DIRECTIONS →
Go to the line with "The Inflatable Wedge" in the material below and copy from there through the line with "The rear of", exactly. Pictures are not copied.

------ EXERCISE DATA ------

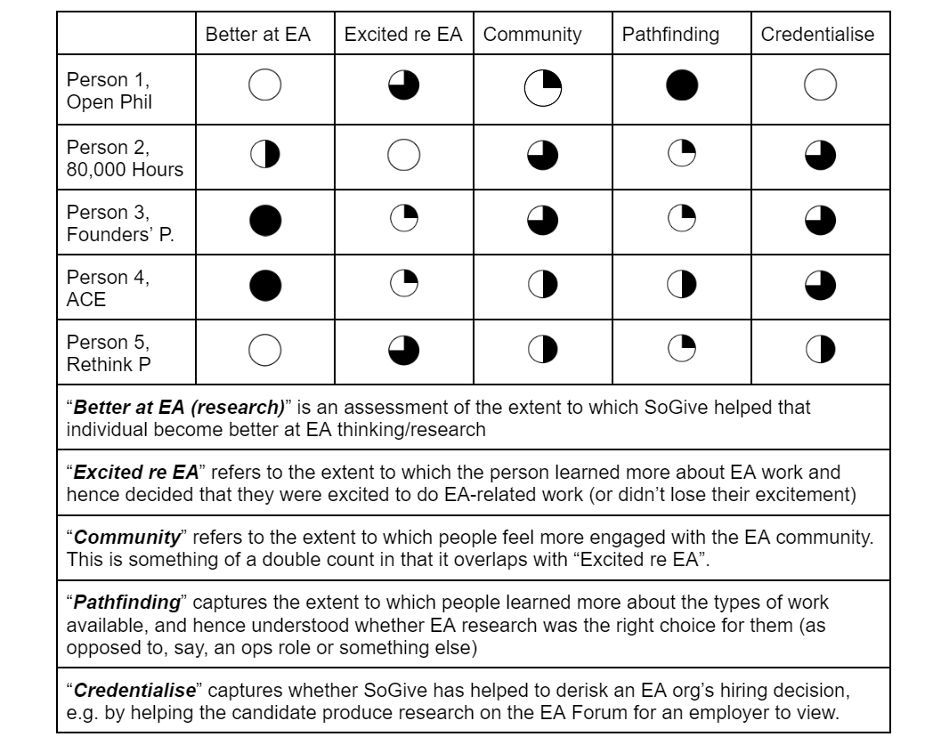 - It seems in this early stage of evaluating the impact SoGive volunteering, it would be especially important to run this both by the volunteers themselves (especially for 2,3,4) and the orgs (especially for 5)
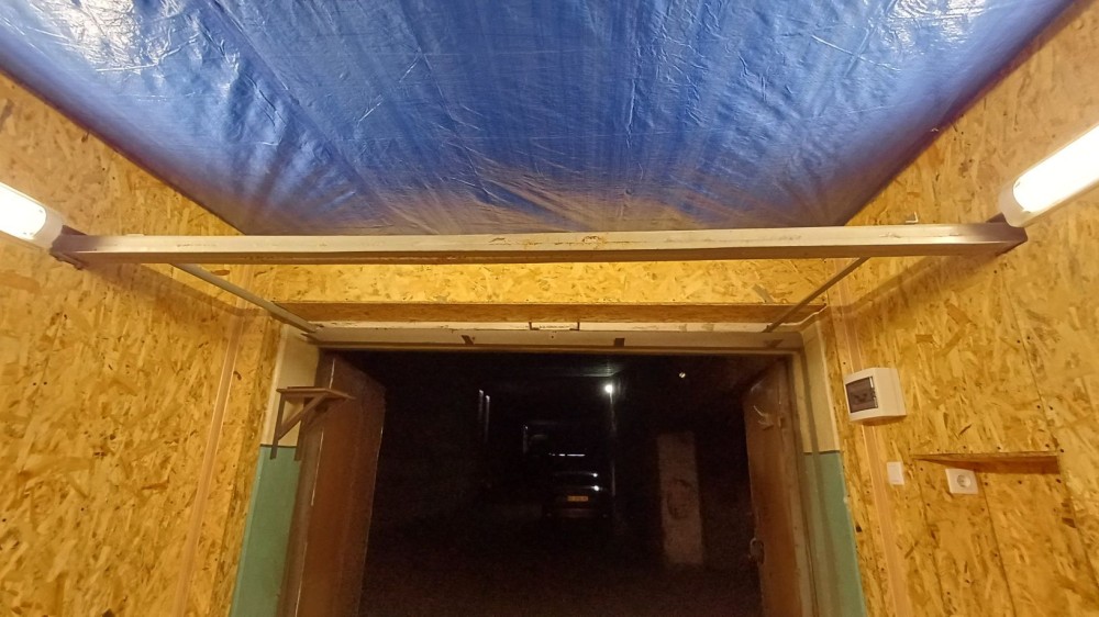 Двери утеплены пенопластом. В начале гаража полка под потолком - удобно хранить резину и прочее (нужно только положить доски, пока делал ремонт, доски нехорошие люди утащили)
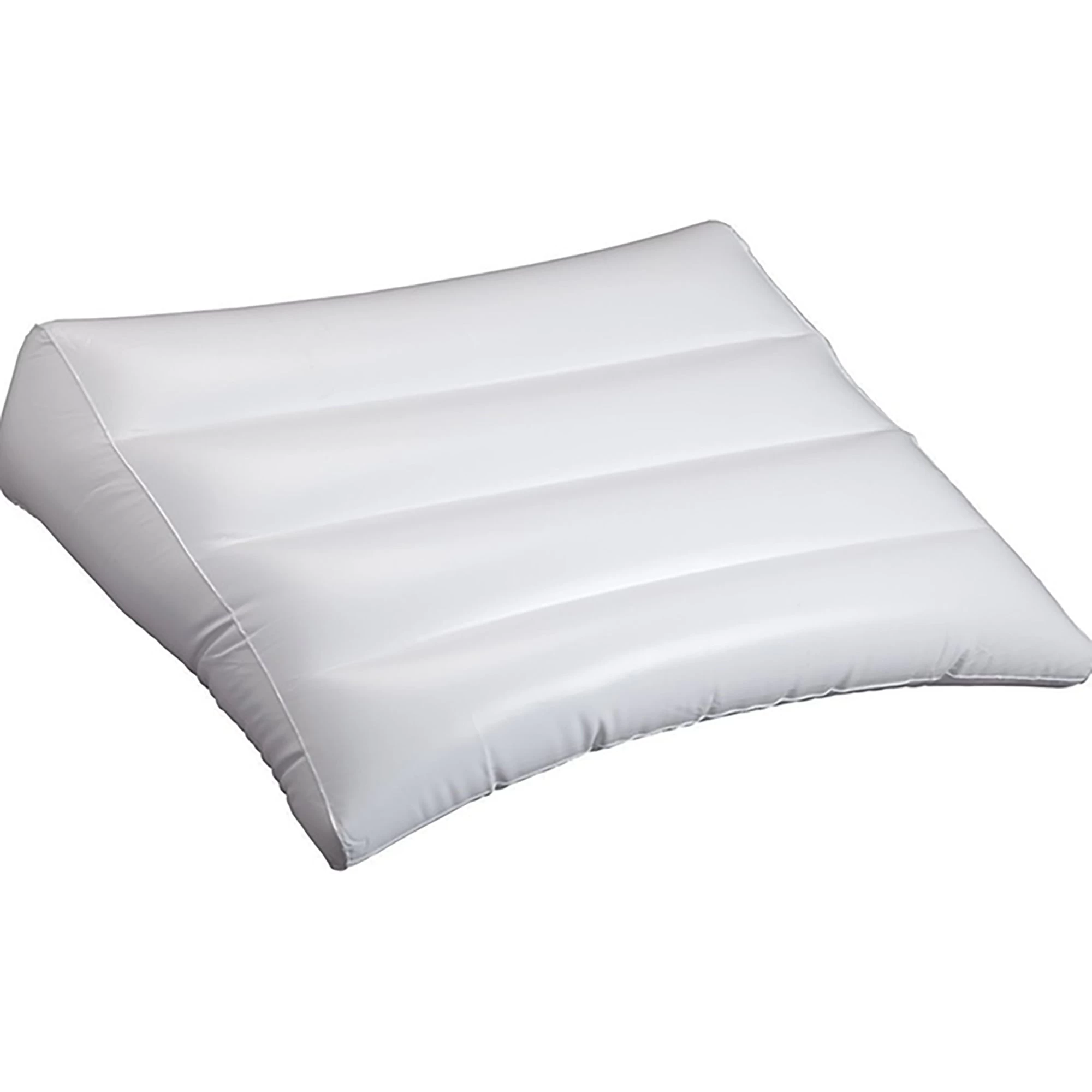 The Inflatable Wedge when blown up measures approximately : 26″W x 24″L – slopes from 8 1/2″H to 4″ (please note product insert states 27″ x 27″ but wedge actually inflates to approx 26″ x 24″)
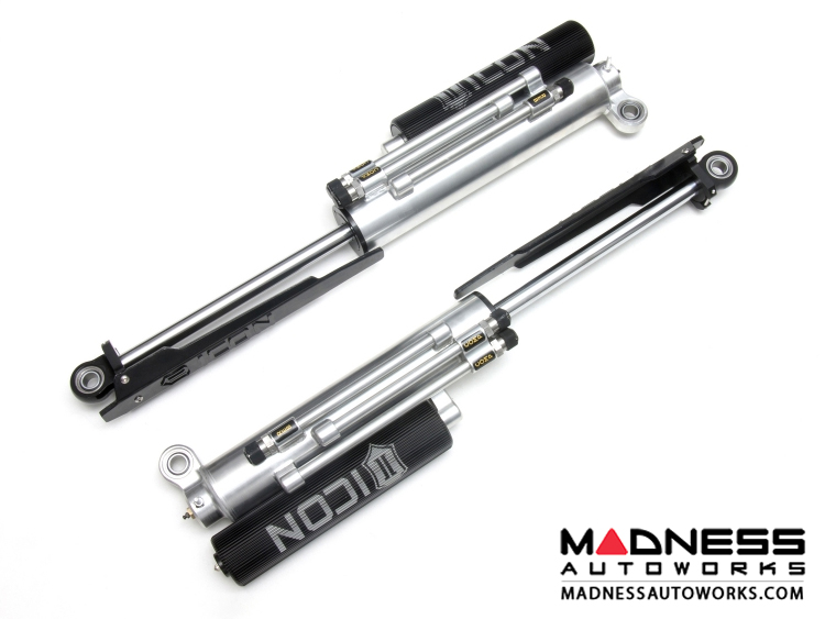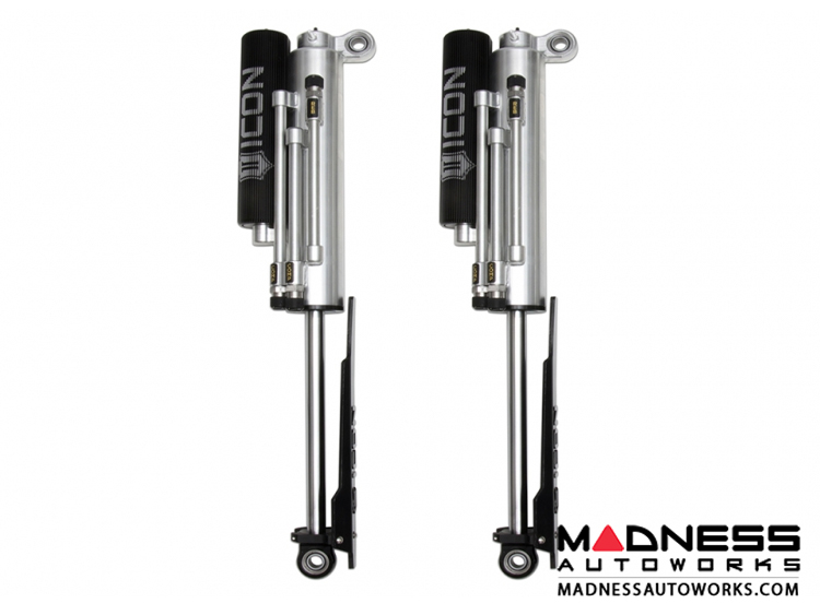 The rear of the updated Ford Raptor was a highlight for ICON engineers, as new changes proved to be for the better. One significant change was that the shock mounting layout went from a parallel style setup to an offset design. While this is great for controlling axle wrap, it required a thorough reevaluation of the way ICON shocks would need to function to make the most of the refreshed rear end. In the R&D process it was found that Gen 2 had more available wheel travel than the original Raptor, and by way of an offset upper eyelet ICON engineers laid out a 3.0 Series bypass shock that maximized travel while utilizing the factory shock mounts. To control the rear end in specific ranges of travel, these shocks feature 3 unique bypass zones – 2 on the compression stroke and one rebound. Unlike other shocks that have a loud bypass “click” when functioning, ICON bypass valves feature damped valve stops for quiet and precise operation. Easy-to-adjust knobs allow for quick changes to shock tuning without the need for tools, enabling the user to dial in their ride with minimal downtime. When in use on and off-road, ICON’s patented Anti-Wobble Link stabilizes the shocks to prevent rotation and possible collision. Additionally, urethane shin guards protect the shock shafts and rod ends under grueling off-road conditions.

------
------ EXERCISE DATA ------

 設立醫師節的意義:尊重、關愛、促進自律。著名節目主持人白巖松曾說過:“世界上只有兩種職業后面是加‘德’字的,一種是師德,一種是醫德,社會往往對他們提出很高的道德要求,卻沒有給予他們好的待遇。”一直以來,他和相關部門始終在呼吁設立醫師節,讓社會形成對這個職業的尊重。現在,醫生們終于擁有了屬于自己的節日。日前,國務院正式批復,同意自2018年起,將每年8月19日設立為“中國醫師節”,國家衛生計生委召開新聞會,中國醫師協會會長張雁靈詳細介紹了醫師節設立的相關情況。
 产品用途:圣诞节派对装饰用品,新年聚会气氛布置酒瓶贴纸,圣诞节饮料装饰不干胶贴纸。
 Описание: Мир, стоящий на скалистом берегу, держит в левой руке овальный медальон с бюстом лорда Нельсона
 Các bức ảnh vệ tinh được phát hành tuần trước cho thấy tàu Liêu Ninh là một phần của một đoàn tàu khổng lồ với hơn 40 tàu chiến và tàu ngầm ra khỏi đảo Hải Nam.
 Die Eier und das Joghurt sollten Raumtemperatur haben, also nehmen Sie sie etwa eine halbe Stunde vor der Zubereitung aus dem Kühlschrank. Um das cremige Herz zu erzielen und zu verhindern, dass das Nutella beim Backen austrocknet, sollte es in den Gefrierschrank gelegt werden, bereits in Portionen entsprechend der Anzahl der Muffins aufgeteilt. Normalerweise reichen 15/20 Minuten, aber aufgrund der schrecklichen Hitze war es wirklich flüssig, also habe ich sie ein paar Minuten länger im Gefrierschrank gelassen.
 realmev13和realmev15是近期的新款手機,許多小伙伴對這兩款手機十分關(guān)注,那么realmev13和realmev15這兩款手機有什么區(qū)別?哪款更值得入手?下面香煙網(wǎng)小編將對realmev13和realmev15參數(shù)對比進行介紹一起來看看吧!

------

EXERCISE OUTPUT →
 The Inflatable Wedge when blown up measures approximately : 26″W x 24″L – slopes from 8 1/2″H to 4″ (please note product insert states 27″ x 27″ but wedge actually inflates to approx 26″ x 24″)
 The rear of the updated Ford Raptor was a highlight for ICON engineers, as new changes proved to be for the better. One significant change was that the shock mounting layout went from a parallel style setup to an offset design. While this is great for controlling axle wrap, it required a thorough reevaluation of the way ICON shocks would need to function to make the most of the refreshed rear end. In the R&D process it was found that Gen 2 had more available wheel travel than the original Raptor, and by way of an offset upper eyelet ICON engineers laid out a 3.0 Series bypass shock that maximized travel while utilizing the factory shock mounts. To control the rear end in specific ranges of travel, these shocks feature 3 unique bypass zones – 2 on the compression stroke and one rebound. Unlike other shocks that have a loud bypass “click” when functioning, ICON bypass valves feature damped valve stops for quiet and precise operation. Easy-to-adjust knobs allow for quick changes to shock tuning without the need for tools, enabling the user to dial in their ride with minimal downtime. When in use on and off-road, ICON’s patented Anti-Wobble Link stabilizes the shocks to prevent rotation and possible collision. Additionally, urethane shin guards protect the shock shafts and rod ends under grueling off-road conditions.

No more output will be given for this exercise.